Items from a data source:
+===+
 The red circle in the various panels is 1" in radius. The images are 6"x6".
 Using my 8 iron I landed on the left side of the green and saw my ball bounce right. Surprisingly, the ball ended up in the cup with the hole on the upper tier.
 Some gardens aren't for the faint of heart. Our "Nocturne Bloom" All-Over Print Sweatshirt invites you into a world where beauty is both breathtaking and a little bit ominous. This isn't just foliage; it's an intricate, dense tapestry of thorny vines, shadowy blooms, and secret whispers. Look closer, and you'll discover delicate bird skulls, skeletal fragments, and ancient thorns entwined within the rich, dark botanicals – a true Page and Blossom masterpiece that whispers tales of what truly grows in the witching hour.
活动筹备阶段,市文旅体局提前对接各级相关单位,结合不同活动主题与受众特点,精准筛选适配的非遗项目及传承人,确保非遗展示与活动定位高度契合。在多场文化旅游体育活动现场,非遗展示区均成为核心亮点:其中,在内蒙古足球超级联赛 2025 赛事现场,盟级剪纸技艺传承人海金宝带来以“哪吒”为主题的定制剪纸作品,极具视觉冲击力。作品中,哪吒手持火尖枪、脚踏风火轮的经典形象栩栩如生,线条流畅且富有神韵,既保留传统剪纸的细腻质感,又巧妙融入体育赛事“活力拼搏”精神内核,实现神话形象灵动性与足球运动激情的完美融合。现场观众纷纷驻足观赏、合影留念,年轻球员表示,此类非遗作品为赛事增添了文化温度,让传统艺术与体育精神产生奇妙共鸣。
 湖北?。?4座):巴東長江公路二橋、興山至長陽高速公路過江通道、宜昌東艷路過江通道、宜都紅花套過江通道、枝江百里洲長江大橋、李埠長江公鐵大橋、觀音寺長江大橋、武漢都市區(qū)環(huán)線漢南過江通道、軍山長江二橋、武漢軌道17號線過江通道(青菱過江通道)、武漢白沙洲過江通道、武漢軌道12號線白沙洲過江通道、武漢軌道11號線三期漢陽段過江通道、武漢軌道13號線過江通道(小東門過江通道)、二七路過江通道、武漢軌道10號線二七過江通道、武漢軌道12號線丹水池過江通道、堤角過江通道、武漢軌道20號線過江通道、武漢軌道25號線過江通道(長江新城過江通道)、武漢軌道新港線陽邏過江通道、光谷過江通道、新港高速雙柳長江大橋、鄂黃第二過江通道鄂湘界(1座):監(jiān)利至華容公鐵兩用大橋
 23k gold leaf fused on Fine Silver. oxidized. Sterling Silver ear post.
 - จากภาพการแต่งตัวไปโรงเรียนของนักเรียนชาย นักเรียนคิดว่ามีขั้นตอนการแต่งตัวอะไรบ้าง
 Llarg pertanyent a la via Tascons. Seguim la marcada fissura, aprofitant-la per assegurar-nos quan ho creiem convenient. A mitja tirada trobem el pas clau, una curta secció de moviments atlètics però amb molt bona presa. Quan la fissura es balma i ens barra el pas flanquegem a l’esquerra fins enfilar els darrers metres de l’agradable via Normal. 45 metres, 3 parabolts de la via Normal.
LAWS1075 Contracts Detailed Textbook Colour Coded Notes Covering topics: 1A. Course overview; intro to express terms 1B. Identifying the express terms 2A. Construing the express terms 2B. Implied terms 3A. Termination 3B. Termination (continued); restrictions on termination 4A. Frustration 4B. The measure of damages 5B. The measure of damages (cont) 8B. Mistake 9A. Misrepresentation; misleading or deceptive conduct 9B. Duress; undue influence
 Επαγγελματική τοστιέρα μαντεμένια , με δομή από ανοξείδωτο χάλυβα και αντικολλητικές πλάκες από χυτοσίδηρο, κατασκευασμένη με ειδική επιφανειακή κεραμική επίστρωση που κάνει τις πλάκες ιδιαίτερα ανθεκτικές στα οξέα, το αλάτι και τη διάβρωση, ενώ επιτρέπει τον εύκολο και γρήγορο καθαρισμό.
+===+
Exercise instructions.
Give back all the data exactly as written.

Solution.
 The red circle in the various panels is 1" in radius. The images are 6"x6".
 Using my 8 iron I landed on the left side of the green and saw my ball bounce right. Surprisingly, the ball ended up in the cup with the hole on the upper tier.
 Some gardens aren't for the faint of heart. Our "Nocturne Bloom" All-Over Print Sweatshirt invites you into a world where beauty is both breathtaking and a little bit ominous. This isn't just foliage; it's an intricate, dense tapestry of thorny vines, shadowy blooms, and secret whispers. Look closer, and you'll discover delicate bird skulls, skeletal fragments, and ancient thorns entwined within the rich, dark botanicals – a true Page and Blossom masterpiece that whispers tales of what truly grows in the witching hour.
活动筹备阶段,市文旅体局提前对接各级相关单位,结合不同活动主题与受众特点,精准筛选适配的非遗项目及传承人,确保非遗展示与活动定位高度契合。在多场文化旅游体育活动现场,非遗展示区均成为核心亮点:其中,在内蒙古足球超级联赛 2025 赛事现场,盟级剪纸技艺传承人海金宝带来以“哪吒”为主题的定制剪纸作品,极具视觉冲击力。作品中,哪吒手持火尖枪、脚踏风火轮的经典形象栩栩如生,线条流畅且富有神韵,既保留传统剪纸的细腻质感,又巧妙融入体育赛事“活力拼搏”精神内核,实现神话形象灵动性与足球运动激情的完美融合。现场观众纷纷驻足观赏、合影留念,年轻球员表示,此类非遗作品为赛事增添了文化温度,让传统艺术与体育精神产生奇妙共鸣。
 湖北?。?4座):巴東長江公路二橋、興山至長陽高速公路過江通道、宜昌東艷路過江通道、宜都紅花套過江通道、枝江百里洲長江大橋、李埠長江公鐵大橋、觀音寺長江大橋、武漢都市區(qū)環(huán)線漢南過江通道、軍山長江二橋、武漢軌道17號線過江通道(青菱過江通道)、武漢白沙洲過江通道、武漢軌道12號線白沙洲過江通道、武漢軌道11號線三期漢陽段過江通道、武漢軌道13號線過江通道(小東門過江通道)、二七路過江通道、武漢軌道10號線二七過江通道、武漢軌道12號線丹水池過江通道、堤角過江通道、武漢軌道20號線過江通道、武漢軌道25號線過江通道(長江新城過江通道)、武漢軌道新港線陽邏過江通道、光谷過江通道、新港高速雙柳長江大橋、鄂黃第二過江通道鄂湘界(1座):監(jiān)利至華容公鐵兩用大橋
 23k gold leaf fused on Fine Silver. oxidized. Sterling Silver ear post.
 - จากภาพการแต่งตัวไปโรงเรียนของนักเรียนชาย นักเรียนคิดว่ามีขั้นตอนการแต่งตัวอะไรบ้าง
 Llarg pertanyent a la via Tascons. Seguim la marcada fissura, aprofitant-la per assegurar-nos quan ho creiem convenient. A mitja tirada trobem el pas clau, una curta secció de moviments atlètics però amb molt bona presa. Quan la fissura es balma i ens barra el pas flanquegem a l’esquerra fins enfilar els darrers metres de l’agradable via Normal. 45 metres, 3 parabolts de la via Normal.
LAWS1075 Contracts Detailed Textbook Colour Coded Notes Covering topics: 1A. Course overview; intro to express terms 1B. Identifying the express terms 2A. Construing the express terms 2B. Implied terms 3A. Termination 3B. Termination (continued); restrictions on termination 4A. Frustration 4B. The measure of damages 5B. The measure of damages (cont) 8B. Mistake 9A. Misrepresentation; misleading or deceptive conduct 9B. Duress; undue influence
 Επαγγελματική τοστιέρα μαντεμένια , με δομή από ανοξείδωτο χάλυβα και αντικολλητικές πλάκες από χυτοσίδηρο, κατασκευασμένη με ειδική επιφανειακή κεραμική επίστρωση που κάνει τις πλάκες ιδιαίτερα ανθεκτικές στα οξέα, το αλάτι και τη διάβρωση, ενώ επιτρέπει τον εύκολο και γρήγορο καθαρισμό.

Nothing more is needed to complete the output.